Для юной лаборантки вычислительного центра, любительницы шоколадок, старыми были все, кому за пятьдесят, так что Глухов не раз чертыхнулся, блуждая в бумажном хаосе. Кипа получилась увесистой и внушительной; вероятно, ему стоило конкретизировать запрос и начинать свой поиск среди как минимум семидесятилетних, где большей частью попадались женщины. Мужчины, менее жизнеспособный элемент, умирали раньше, от самых разнообразных недугов, в том числе от таких, какие в недавнем прошлом сочли бы невероятной дикостью. Но Глухова это не удивляло. Оба его расследования, в силу случайности или закономерных, но никому не ведомых причин, словно перекликались между собой, как эхо откликается на чей-нибудь громкий вопль. От трупа с купчинской свалки тянулась ниточка к лекарствам, а значит, к медикам и фармацевтам; и вот, общаясь с этой братией, Ян Глебович выяснил столь любопытные вещи, что иногда его бросало в дрожь. Как оказалось, сифилисом теперь болели чаще в восемьдесят раз, туберкулезом – в пятьдесят, а спид расцветал и креп на благодатных почвах, среди ста тысяч петербургских наркоманов, что неизбежно обещало эпидемию; кроме того, из сотни новорожденных погибали двое, и только двадцать могли считаться относительно здоровыми – по крайней мере, без врожденных патологий. К трупу со свалки и криминальным фармацевтическим делам все это имело лишь косвенное отношение, но связь, разумеется, была: на фоне мрачных декораций шел ужасающий спектакль – драматическое действо, которое с каждым актом все больше походило на трагедию.

От этих мыслей щека у Глухова раздраженно дернулась. Он посмотрел на фотографию жены, встретился с ней глазами, представил, что Вера ждет его в их квартире на Измайловском, что оба они молоды или хотя бы живы, и ничего им в будущем не грозит, ни эпидемия спида, ни туберкулез, ни рак, сгубивший Веру в одночасье. Он не испытывал ностальгии по прежним советским временам; новые, пожалуй, были лучше, сложней, трагичней, но честней, однако у минувших лет, сравнительно с эпохой настоящей, имелись свои преимущества. Хотя бы одно, подытожил Ян Глебович – Вера. Веры в этой эпохе настоящего с ним не было.

Он начал перебирать листы, комкать ненужное, бросать в пластиковую корзинку под столом, время от времени уминая мусор руками. Мусора было много, и Глухов в очередной раз решил не связываться больше с распечатками, а просматривать материалы как положено, на компьютере, где всякий хлам уничтожался с простотой и легкостью, нажатием пары клавиш.

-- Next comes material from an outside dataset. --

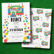 Un lindo tema de la fiesta de cumpleaños del castillo de saltos de "Bonza sobre". Un diseño de invitaciones de cumpleaños para niños personalizados perfecto para una fiesta de cumpleaños de fiesta de salto. Personalizar esta invitación de cumpleaños del castillo de recompensas "¡Abríchate!" con su propio texto y hágalo el suyo. ¡Ideal para los niños de cumpleaños!

Но эта вот легкость его и смущала – мнилось, что он стирает пусть неважное, несущественное, но что-то такое, над чем еще стоит поразмышлять или хотя бы оставить про запас, для завтрашних раздумий. К тому же Глухов, как всякий художник, питал почтение к бумаге и признавал за ней приоритет перед компьютерным экраном. Чувство это было отчасти инстинктивным, но не лишенным рационального зерна: ведь бумажные листы можно было расстелить на столе, сравнить друг с другом и исчирикать разноцветными карандашами.